ИИ не всегда был таким. Вначале было два мнения по поводу того, насколько ИИ должен быть понятен или объясним. Многие считали, что имеет смысл создавать машины, рассуждающие согласно правилам и логике, делающие свою внутреннюю работу прозрачной для каждого, кто захочет их изучать. Другие считали, что интеллект в машинах сможет возникнуть быстрее, если вдохновиться биологией, и если машина будет учиться через наблюдение и опыт. А это означало, что нужно перевернуть всё программирование с ног на голову. Вместо того, чтобы программист записывал команды для решения задачи, программа создавала бы свои алгоритмы на основе примеров данных и необходимого результата. Технологии МО, сегодня превратившиеся в самые мощные ИИ-системы, пошли по второму пути: машина программирует сама себя.

Поначалу такой подход был мало применим на практике, и в 1960–70 годы он жил лишь на переднем крае исследований. А затем компьютеризация множества индустрий и появление больших наборов данных вернуло интерес к нему. В результате началась разработка более мощных технологий машинного обучения, в особенности новых версий искусственных нейросетей. К 1990-м нейросети уже могли автоматически распознавать рукописный текст.

Но лишь в начале текущего десятилетия, после нескольких хитроумных подстроек и правок, глубокие нейросети показали кардинальное улучшение работы. ГО отвечает за сегодняшний взрыв ИИ. Оно дало компьютерам необычайные возможности, такие, как распознавание речи на уровне человека, что слишком сложно было бы запрограммировать вручную. Глубокое обучение преобразовало компьютерное зрение и радикально улучшило машинный перевод. Теперь его используют для помощи в принятии ключевых решений в медицине, финансах, производстве – и много где ещё.

Схема работы любой МО-технологии по своей сути менее прозрачна, даже для специалистов по информатике, чем у запрограммированной вручную системы. Это не значит, что все ИИ в будущем будут одинаково непознаваемы. Но по сути ГО представляет собой особенно тёмный чёрный ящик.

Нельзя просто заглянуть в глубокую нейросеть и понять, как она работает. Рассуждения сети встроены в тысячи искусственных нейронов, организованных в десятки или даже сотни сложным образом соединённых слоёв. Нейроны первого слоя получают входные данные, такие, как яркость пикселя в картинке, и вычисляют новый выходной сигнал. Эти сигналы по сложной паутине передаются нейронам следующего слоя, и так далее, до полной обработки данных. Также существует процесс обратного распространения, подстраивающий вычисления отдельных нейронов так, чтобы сеть обучалась выдавать нужные данные.

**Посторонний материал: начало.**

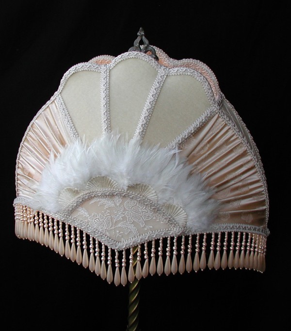 Elegant Victorian Lampshade Done in shades of ecru and cream colors, this wonderful shade is all silk except for the feathers. When lighted it gives off a soft golden glow. A combination of silk, velvet, lace, and feathers make an exotic feminine shade -- embellished with pearls around the bottom. Very reminiscent of romantic times and perfect for your bedroom. This shade will fit a table lamp or floor lamp -- the table lamp in the photo is available. We also have antique floor lamps that would be perfect for this shade. Size: This shade is 18" wide x 15" tall including the fringe x 11" deep. Price $295.00 - $395.00 depending on fabric and trims. Order Number VS20484. Phone 951-240-5663 - Email kelly@vintageshades.com"TOO MUCH IS NEVER ENOUGH"
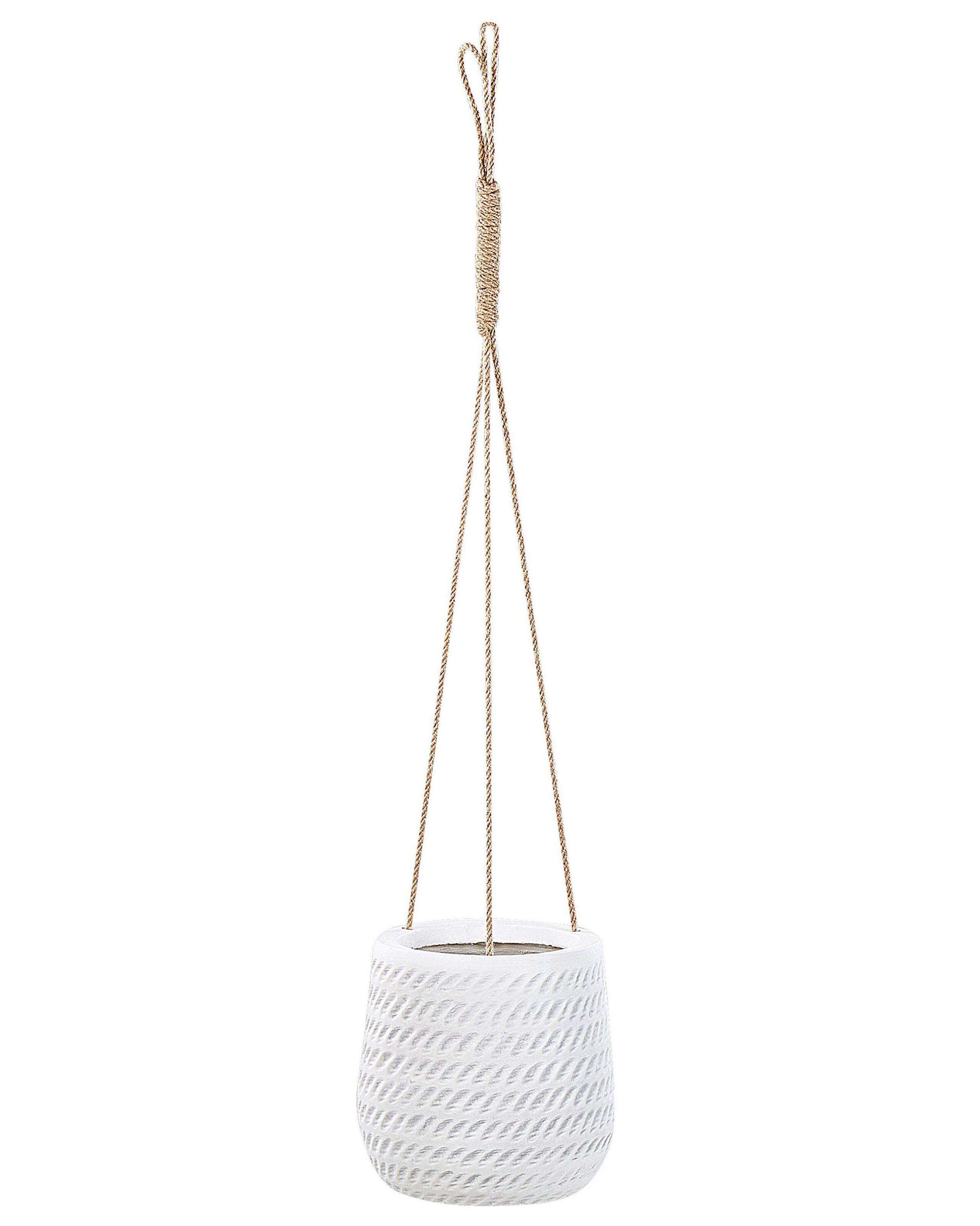 Vaso da fiori sospeso da esterno. Un vaso rotondo per piante che fonde senza sforzo estetica e funzionalità. Realizzato in resistente fibra di argilla, questo vaso presenta un intricato motivo in rilievo che aggiunge un tocco di eleganza a qualsiasi spazio. La finitura leggermente lavata gli conferisce un fascino senza tempo, mentre il design robusto del vaso ne garantisce la resistenza a temperature variabili e ai raggi UV. Completo di un foro alla base, questo vaso garantisce un drenaggio ottimale per le piante, rendendolo una scelta perfetta sia per gli ambienti interni che per quelli esterni.

Множество слоёв сети позволяют ей распознавать вещи на разных уровнях абстракции. К примеру, в системе, настроенной на распознавание собак, нижние уровни распознают простые вещи, такие, как контур или цвет. Высшие распознают уже мех или глаза. А самые верхние идентифицируют собаку в целом. Тот же подход можно применить к другим вариантам входных данных, позволяющих машине обучить саму себя: звуки, составляющие слова в речи, буквы и слова, составляющие предложения, или движения руля, необходимые для езды.

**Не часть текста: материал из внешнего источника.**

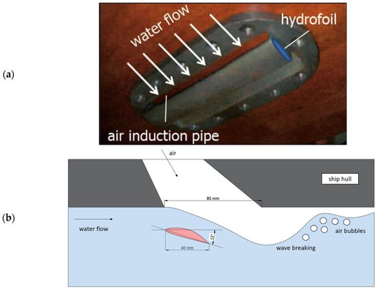 In the endeavour to diminish the hydrodynamic drag experienced by a ship’s hull at cruising speeds of 15–20 knots, the research spearheaded by Kumagai et al. [26] has culminated in the inception of a novel energy-conserving apparatus (Figure 2). This apparatus harnesses small bubbles, generated via the Kelvin–Helmholtz instability phenomenon. The device is ingeniously designed, comprising strategically angled hydrofoils equipped with air introducers, which are adeptly positioned beneath the air release vents on the hull’s surface. The primary objective of this advanced technology is to substantially mitigate the turbulent momentum transfer, fundamentally targeting the reduction of skin friction along the hull’s surface. This is achieved through the strategic injection of diminutive bubbles, each measuring less than 0.5 mm in diameter, directly into the turbulent boundary layer.
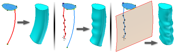 引导轨道扫掠用于具有沿某个轨迹缩放或扭曲的不相同截面轮廓的对象(例如,复杂把手)。
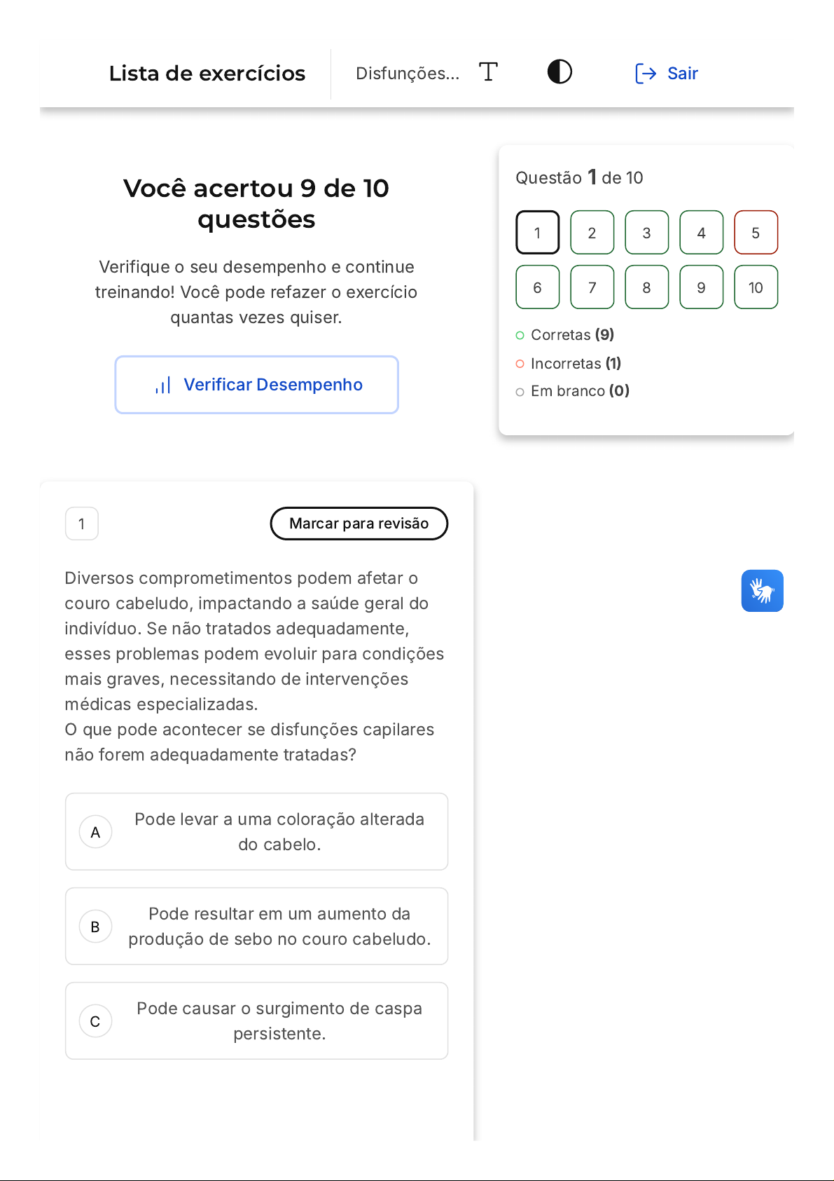 Você acertou 9 de 10 questões Verifique o seu desempenho e continue treinando! Você pode refazer o exercício quantas vezes quiser. Verificar Desempenho A B C 1 Marcar para revisão Diversos comprometimentos podem afetar o couro cabeludo, impactando a saúde geral do indivíduo. Se não tratados adequadamente, esses problemas podem evoluir para condições mais graves, necessitando de intervenções médicas especializadas. O que pode acontecer se disfunções capilares não forem adequadamente tratadas? Pode levar a uma coloração alterada do cabelo. Pode resultar em um aumento da produção de sebo no couro cabeludo. Pode causar o surgimento de caspa persistente. Questão 1 de 10 Corretas (9) Incorretas (1) Em branco (0) 1 2 3 4 5 6 7 8 9 10 Lista de exercícios Disfunções… Sair D E Pode evoluir para condições mais graves, necessitando de atenção médica. Pode causar um crescimento acelerado do cabelo. Resposta correta Parabéns, você selecionou a alternativa correta. Confira o gabarito comentado! Gabarito Comentado Disfunções capilares, quando não tratadas, podem se agravar com o tempo. Essa progressão pode resultar em condições mais sérias que vão além do escopo de tratamentos estéticos e necessitam de intervenções médicas para serem adequadamente tratadas. 2 Marcar para revisão Rafael, um homem de 30 anos, visita um dermatologista após notar inflamações mais graves na pele, acompanhadas da formação de furúnculos. Qual tipo de foliculite é mais provável que Rafael esteja enfrentando, considerando as manifestações mais graves e a presença de furúnculos? A B C D E Foliculite por vírus. Foliculite superficial. Foliculite por fungos. Foliculite profunda. Foliculite alérgica. Resposta correta Parabéns, você selecionou a alternativa correta. Confira o gabarito comentado! Gabarito Comentado A foliculite profunda ocorre quando o processo inflamatório é mais grave, afetando áreas mais profundas do folículo piloso. A presença de furúnculos é um indicativo de foliculite profunda. 3 Marcar para revisão Pedro, um entusiasta da cultura, recentemente se envolveu em um projeto que discute a representação dos cabelos em diferentes culturas. Durante suas pesquisas, ele se depara com a importância dos cabelos em diversos contextos e o impacto que problemas capilares podem causar na autoestima. A B C D E Considerando o texto, analise as afirmativas abaixo: I. Os cabelos têm uma forte representação cultural em diversas sociedades. II. Problemas capilares não causam impacto na autoestima das pessoas. III. Os cabelos têm o poder de moldar e emoldurar o rosto, conferindo características distintas ao indivíduo. Assinale a opção que apresenta somente as alternativas corretas. Apenas a afirmativa I está correta. Apenas a afirmativa II está correta. As afirmativas I e III estão corretas. Apenas a afirmativa III está correta. As afirmativas I e II estão corretas. Resposta correta Parabéns, você selecionou a alternativa correta. Confira o gabarito comentado! Gabarito Comentado A afirmativa I é verdadeira, pois os cabelos têm uma forte representação cultural em muitas sociedades ao redor do mundo. A afirmativa II é incorreta, uma vez que problemas capilares podem, de fato, afetar a autoestima de um indivíduo. A afirmativa III é correta, pois os cabelos têm o poder A B C D E de moldar e emoldurar o rosto, dando uma identidade única ao indivíduo. 4 Marcar para revisão O terapeuta capilar possui conhecimento especializado e utiliza de diversos recursos para promover a saúde capilar. Qual é a principal função de um terapeuta capilar? Cortar e estilizar cabelos de acordo com as tendências. Promover produtos de beleza e tratamentos estéticos. Aconselhar sobre mudanças de cor e estilo de cabelo. Tratar e prevenir disfunções capilares usando recursos terapêuticos. Ensinar técnicas de penteado e modelagem. Resposta correta Parabéns, você selecionou a alternativa correta. Confira o gabarito comentado! Gabarito Comentado O terapeuta capilar é especializado no tratamento e prevenção de disfunções no A B C D E couro cabeludo. Seu papel não se limita a estilizar ou promover produtos, mas sim a usar seu conhecimento para tratar problemas capilares e promover a saúde do couro cabeludo e dos fios. 5 Marcar para revisão Devido ao excesso de oleosidade presente no couro cabeludo, em razão de diversos fatores, pode ocasionar uma doença inflamatória crônica, associada ao fungo do gênero pityrosporum ovale, em regiões ricas em glândulas sebáceas. Marque a alternativa que caracteriza essa doença: Pediculose. Dermatite seborreica. Pitiríase capitis simplex. Alopecia areata. Foliculite. Resposta incorreta Opa! A alternativa correta é a letra B. Confira o gabarito comentado! Gabarito Comentado A B A causa da dermatite seborreica é desconhecida, mas se tem conhecimento de que ela se manifesta devido à hiperatividade das glândulas sebáceas associada ao fungo pityrosporum ovale, encontrado na região acometida. Ela também sofre influência hormonal; neste caso, do androgênio, que apresenta maior atividade após o período da puberdade. Além disso, pode ser encontrada em recém-nascidos, em virtude de o androgênio estar presente no leite materno. Um efeito que se deve observar na dermatite são os momentos de crise e calmaria, ou seja, momentos de piora e o desaparecimento momentâneo. 6 Marcar para revisão Maria é uma jovem que sempre valorizou a aparência de seus cabelos. Recentemente, ela notou algumas alterações em sua estrutura capilar e está preocupada com possíveis disfunções capilares. Com base no estudo de caso e no conteúdo fornecido, qual das seguintes afirmações descreve a importância dos cabelos para o indivíduo? Os cabelos são meramente decorativos e não têm significado cultural ou pessoal. Os cabelos são importantes apenas para a aparência e não têm impacto na vida social de uma pessoa. C

В попытках распознать и объяснить происходящее внутри систем были разработаны изобретательные стратегии. В 2015 году исследователи из Google изменили алгоритм распознавания изображений так, чтобы вместо того, чтобы находить объекты на фото, он бы создавал или изменял их. По сути, запустив алгоритм в обратном направлении, они решили узнать, какие особенности программа использует для распознавания, допустим, птиц или зданий. Итоговые изображения, созданные проектом Deep Dream, демонстрировали гротескных, инопланетных животных, появляющихся среди облаков и растений, и галлюциногенные пагоды, видимые в лесах и горах. Изображения доказали, что ГО не полностью непознаваемо. Они показали, что алгоритмы нацеливаются на знакомые визуальные признаки, типа клюва или перьев птицы. Но эти изображения рассказали и о том, как сильно отличается восприятие компьютера от человеческого, поскольку компьютер мог сделать артефакт из того, что человек бы проигнорировал. Исследователи отметили, что когда алгоритм создавал изображение гантели, вместе с ним он рисовал и человеческую кисть. Машина решила, что кисть – часть гантели.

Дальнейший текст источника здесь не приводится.